Paycheck Protection Program

The PPP program was created by the Coronavirus Aid, Relief, and Economic Security Act (the “CARES Act”) and instituted by the Small Business Administration (“SBA”). The program allows entities to apply for a 1% interest rate loan with payments deferred until the date the lender receives the applicable forgiveness amount from the SBA. The PPP loans may be partially or fully forgiven by the SBA if the entity meets certain conditions. For most PPP loans, the maturity term is two years from the funding date. For PPP loans that the SBA approved on or after June 5, 2020, the loan must have a maturity of at least five years. All PPP loans are fully guaranteed by the SBA and are included in total loans outstanding. As of June 30, 2020, the Company had funded 2,636 PPP loans totaling $505.6 million.

In addition to generating interest income, the SBA pays lender’s fees for processing PPP loans. As of June 30, 2020, the Company has recorded $17.0 million in PPP related SBA fees and is accreting these fees into interest income over the life of the applicable loans. If a PPP loan is forgiven or paid off before maturity, the remaining unearned fee is realized into income at that time. During the quarter, the Company recognized $1.6 million in PPP related SBA fees. The remaining $15.4 million in fees are expected to be recognized as the PPP loans are forgiven over the next several quarters.

Results of Operations

Throughout this press release we have noted certain ratios or other measures of the Company’s performance as having been adjusted to remove the impact of PPP loans. The table on page 9 provides a reconciliation of the non-GAAP measures to the information presented under U.S. generally accepted accounting principles (GAAP).

The net income results for the quarter ended June 30, 2020 compared to the prior year quarter were impacted by the PPP and the pandemic. The provision for loan losses increased as the Company added to general reserves to address the impact of COVID-19 on the economy and the Company's loan portfolio. Net interest income increased mainly from loan growth and PPP related income, while operating expenses increased from the Company’s strategic growth initiatives and higher salary and benefit costs related to the PPP effort and the pandemic.

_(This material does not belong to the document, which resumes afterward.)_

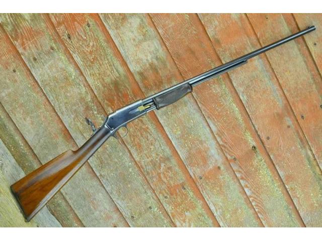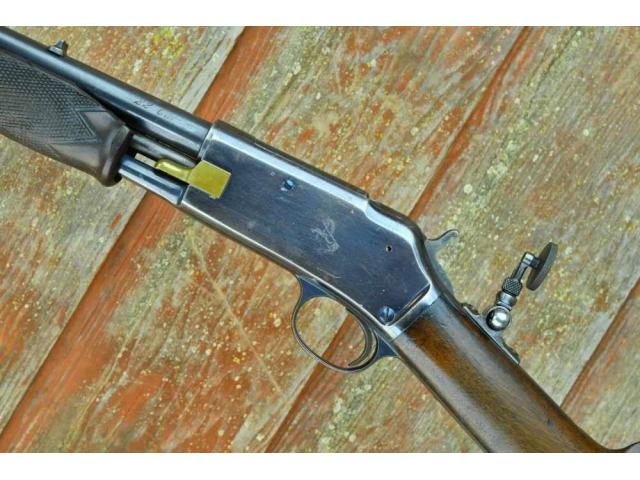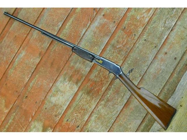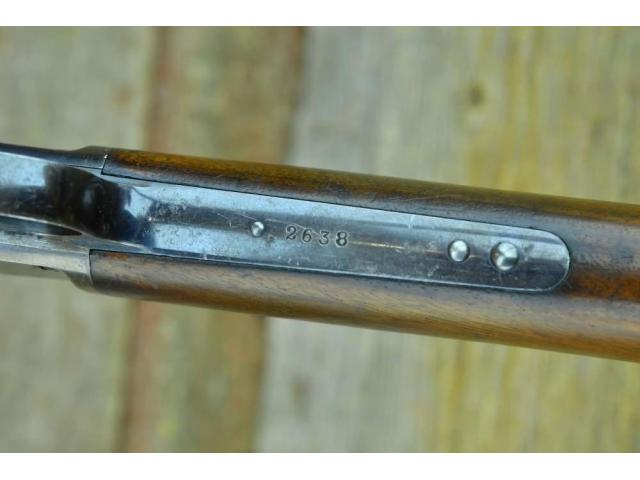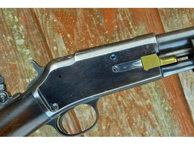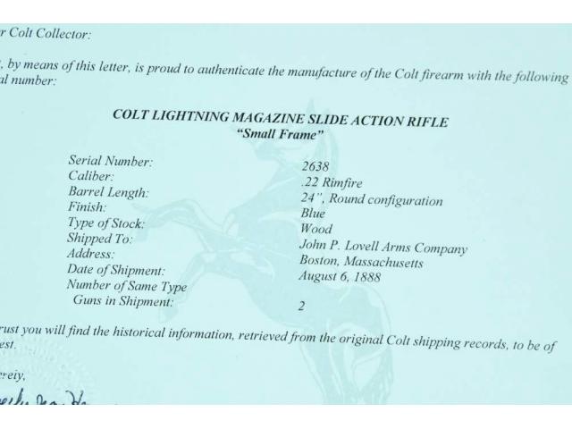 One of the best antique Colt Lightning small frame rifles I have ever had the pleasure of offering. Made in 1888 chambered in .22 rimfire. 24" round barrel, 2/3 magazine. Shipped to the John P. Lovell Arms Company on August 6th, 1888. The receiver has a lot of nice original blue with some turning a light patina. The barrel and magazine tube are also a nice original blue with some turned to a plum patina and have some handling wear. The bore is very good with only light roughness - way above average. The wood is very good as well. The action locks up tight and is very crisp. Stocks are good with the forend handle having a couple of small chips. A fine old lightning! Ships fully insured and will be packaged very well.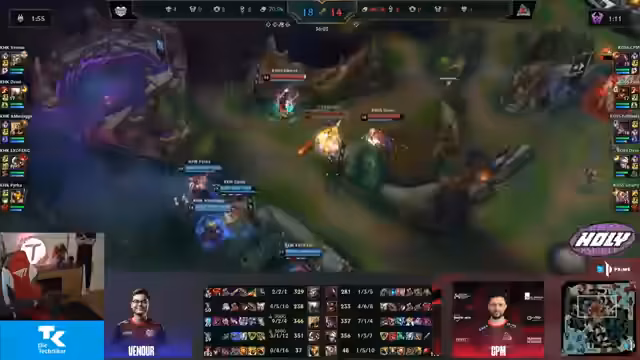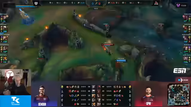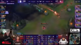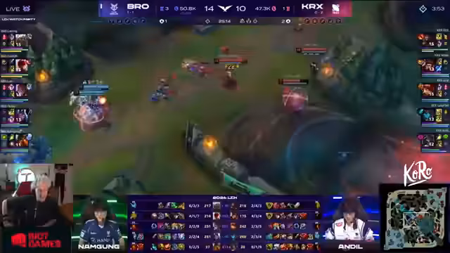 01:12:32Die 'Bros' (das Team des Streamers) zeigen in Game 1 eine dominante Leistung. Sie führen einen Teamfight Mitte mit einem 2 zu 2 Trade für sich, gewinnen dabei aber die Objectives. Eine Invasion auf der zweiten Krabbe schlägt fehl, was aber aufgrund ihrer starken Top- und Bot-Lane ausgeglichen wird. Im späteren Verlauf des Spiels dominieren die Bros einen großen Teamfight, eliminierten mehrere Gegner und besiegten schlussendlich das Nexus von DRX mit einem Pentakill des Generals, um den ersten Sieg einzufahren.

Net interest income for the three months ended June 30, 2020 amounted to $32.5 million, an increase of $3.7 million, or 13%, compared to the three months ended June 30, 2019. Net interest income for the six months ended June 30, 2020 amounted to $62.4 million, an increase of $5.6 million, or 10%, compared to the six months ended June 30, 2019. The increase in net interest income was due largely to interest-earning asset growth, primarily in loans, partially offset by a decline in tax equivalent net interest margin (“net interest margin” or “margin”). The Company recognized $948 thousand in PPP interest income and $1.6 million in PPP related SBA fees, accreted to interest income, during the quarter.

Average loan balances increased $661.4 million, or 28%, for the three months ended June 30, 2020 and $443.1 million, or 19%, for the six months ended June 30, 2020, compared to the same respective 2019 period averages. Excluding PPP loans, average loan balances increased $293.5 million, or 12%, and $259.1 million, or 11%, for the three and six months ended June 30, 2020, compared to the same respective 2019 period averages.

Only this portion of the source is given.